Кривонос, стряхнув оцепенение, яростно мотнул головой, протер глаза, словно желая убедиться, что зрение не подвело…
– Дождались! Наконец-то! А ну, хлопцы, обмотайте головы всяким тряпьем, какое сыщется, кожухи – наизнанку! Да поживее! И в сечу! – подскочив к Черту, торопливо потрепал верного друга по шее, впрыгнул в седло, выдернул кривую саблю из ножен. – Орите «Алла», да так, чтобы чертям в аду стало страшно! Бог простит этот грех! За мной, други! На ляхов!
– На ляхов! Алла!!! – раздался дикий тысячеголосый крик.
Раздвигая и сминая кусты, ломая тоненькие деревца, не успевшие войти в силу, из лесу понеслись конники. Улюлюкающий вой, с каждым мигом набирая силу, леденил кровь.
И, словно откликнувшись, ближе к реке тоже зазвучал многоголосый вопль: «Алла!» Из-за южной опушки леса показались крымчаки. Пригнувшись, размахивая саблями, они мчались на коронное войско.
– Другой сигнал! – вскричал Хмельницкий, приплясывая на месте от нетерпеливого возбуждения.
С площадки башни грянул мушкетный залп в воздух.

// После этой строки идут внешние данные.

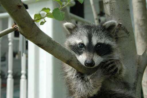 Three baby raccoons have been living in the garage next door. One morning, one of the babies was in the tree next to our front porch. He soon hopped down and ran towards his siblings running towards the garage. Photo by Debbie Dolecki of Villa Park
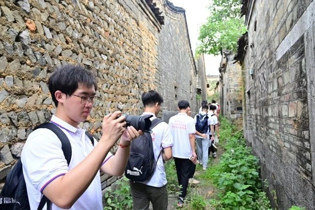在志愿者的带领下,实践团成员们沿着村里的巷道继续参观学习。这些巷道或高低不平,或平坦无洼,大多数笔直幽深,宛如一条条通往历史的隧道。村内有部分道路是由碎瓦片叠铺而成,别有一番韵味。走在这些古巷道上,仿佛能听到历史的回声,感受到岁月的沉淀。

Почти тотчас раздвинулись поставленные впритык возы, разлетелись наспех сооруженные из веток и жердей загороди, прикрытые травой… Многие сотни мушкетов и пищалей, десятки легких пушек, заряженных картечью, уставились на врагов, беря их на прицел. Поляки и литвины, увлеченные преследованием бегущего, как им казалось, противника, даже не успели осознать свою роковую ошибку. А если бы и успели, исправить ее было уже невозможно.

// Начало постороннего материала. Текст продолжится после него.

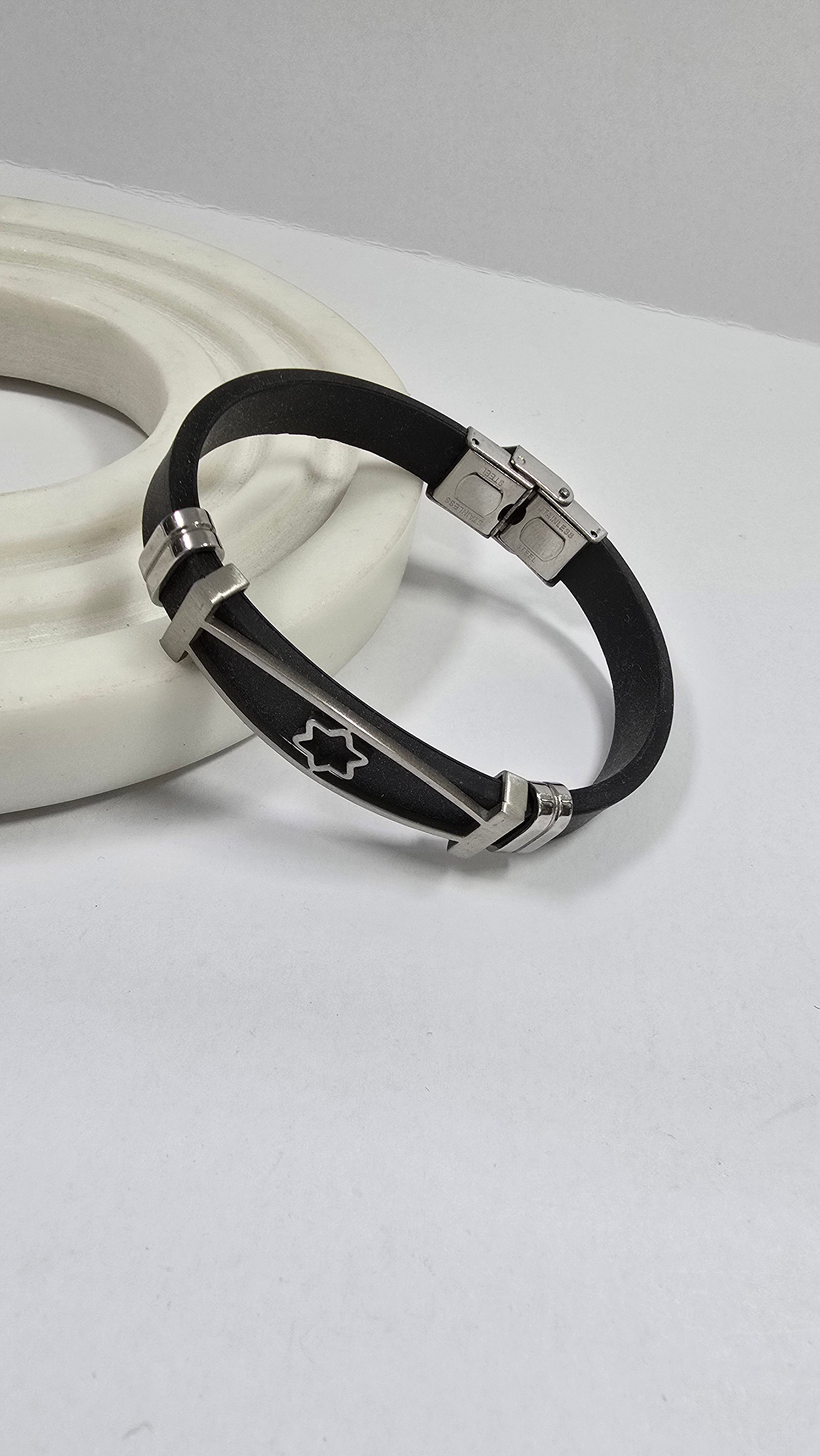 Esta pulsera combina la fuerza del caucho negro con la elegancia duradera del acero inoxidable. Su diseño minimalista y moderno es perfecto para el hombre que busca un accesorio con estilo y significado.

Оглушительный грохот больно стегнул по ушам, равнину заволокло плотной сизо-серой пеленой. Когда дым рассеялся, взору предстала страшная картина. Груды окровавленных тел неподвижно лежали на траве, а среди них бились в корчах раненые. Те же, которым посчастливилось уцелеть, словно впали в оцепенение: настолько внезапным и ошеломляющим был переход от ликующего торжества к осознанию, что они попали в ловушку, откуда может не быть выхода.
И в этот момент два крупных конных отряда – справа казаки, слева татары – с гиканьем и свистом, выскочив из засады, рванулись навстречу друг другу, замыкая кольцо окружения, отрезая шляхтичей и жолнеров от Пилявки. Началась кровавая рубка, страшная и беспощадная.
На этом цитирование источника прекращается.